Planning, Preparing and Positioning for Successful Investor Meetings

Posted on December 13th, 2013. Posted by

Investor meetings are essential for managing and expanding your shareholder base. They provide investors with clarity on a company’s story and can allow you to gauge potential investor concerns, but most importantly, they provide management the opportunity to control the story being told to investors.

The buy side often views a meeting with management as a critical component in their due diligence process. Even in the wake of increased scrutiny from SEC regulators regarding Reg FD, these meetings give the buy side more insight into a company story, recent developments, and potential headwinds.

Maximize the return on investor meetings with planning, preparation and positioning to target the appropriate investors, manage compliance issues, and optimize the overall message. Here are some tips:

Planning. Creating a calendar of investor meetings at conferences and on non-deal road shows at least one year in advance is highly recommended. When targeting the audience for your meetings, include current investors as well as those who aren’t current investors, but who invest in peers in your sector. And don’t shy away from hedge funds. These days, the investment styles of hedge funds and long-only shops often overlap, with some hedge funds offering products considered “longonly” and vice versa. 

When selecting a sell-side analyst to arrange non-deal road shows with investors, consider working with all your analysts (even if they don’t have a Strong Buy rating) or analysts who do not currently cover your stock. This may provide a different perspective for the company’s story and expand the audience.

Lastly, managing logistics in terms of time and travel should not be overlooked. Leave ample time for travel and breaks in your days rather than scheduling back-to-back meetings.

Preparation. The first rule of presenting is to know your audience. Factor in the investor’s knowledge of the story and stock performance, as well as recent events or chatter around the stock to frame the message. It is also essential that you understand their investment criteria. And remember that each person is an individual. Even though they may work for the same firm, try to learn what each person values during the diligence process.

The next step is to practice your presentation. Conduct dry-runs of your pitch, understanding that a less knowledgeable investor may ask you to go through your entire slide deck while a more knowledgeable investor may start off with Q&A. Practice your answers to likely questions, and create talking points to address any issues or headwinds in your sector. Another useful practice is to have your IR firm ask sell-side analysts about any issues regarding your stock or sector that they’ve heard from the buy side.

Positioning. Make sure it is clear up front why an investor should want to invest in your company. Consider market size and growth, competitive dynamics, products and, importantly, future growth drivers. 

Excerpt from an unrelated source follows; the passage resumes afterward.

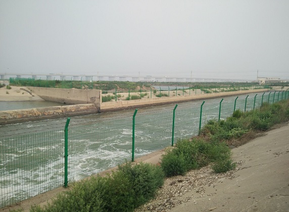 三、 水庫圍欄網(wǎng)的架起①施工程序:固定門柱、角柱和中心柱→固定開端網(wǎng)片→綁扎固定網(wǎng)片→移至下一個網(wǎng)片段施工。

Focus on future growth rather than historical data. Historical figures generally add relatively little incremental value to your story today, while future opportunities offer insight into potential stock performance. Provide incremental data like market share expectations to support the story’s thesis, and give insight on how the financials from today get to the company’s long-term guidance.

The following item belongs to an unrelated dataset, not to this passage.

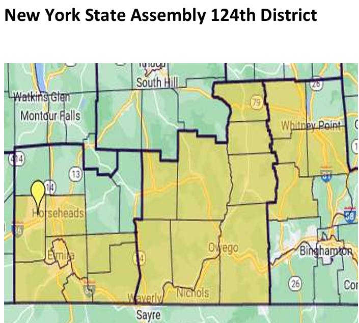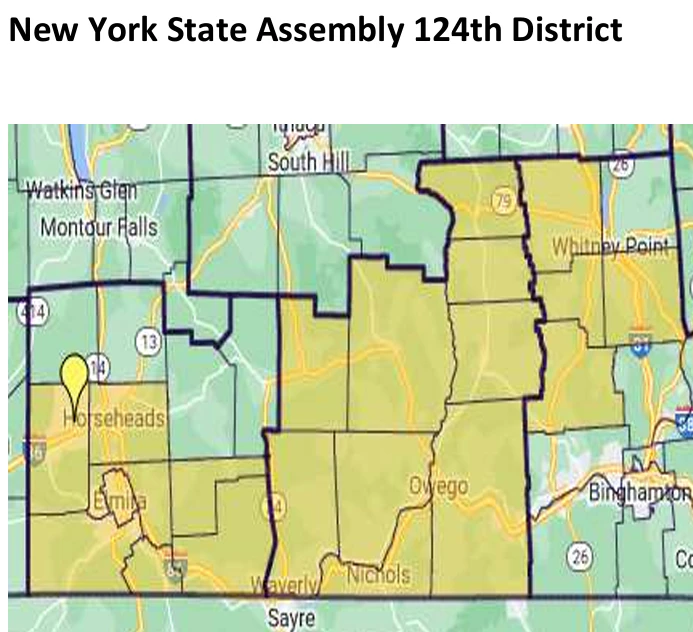 The New York State Assembly Member represents the 124th District serves Elmira, Chemung County, Tioga County, and part of Broome County. The Assembly Member is responsible for shaping state laws, advocating for district needs, and assisting residents with state-related issues.

And while it should go without saying, don’t trash your competitors — investors are looking for management actions to be positive and consistent with messaging.

Finally, make sure everyone on the management team who is present at the meeting is on the same page in terms of content and disclosure.

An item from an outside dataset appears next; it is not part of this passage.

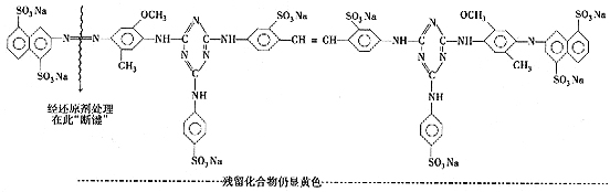 实践证明,这些染料中,双偶氮和三偶氮结构的染料较容易剥色,但单偶氮结构的却很难剥尽,所以采用这些染料染色只能一次染成。以下是黄D-3RNL的化学结构式:

When it’s all over, be sure to gauge management’s performance and follow up on unanswered questions. Ask for feedback from meetings via your IR firm or a sell-side salesperson. Keep track of past meetings and interactions, and once established, continue the dialogue to build on the relationship.

Need insight on how to shape your IR strategy? Westwicke can help. Made up of former senior-level Wall Street executives, Westwicke specializes in the healthcare industry and provides management teams the attention and support they need to develop and execute capital markets and investor relations strategies. Get in touch to learn more.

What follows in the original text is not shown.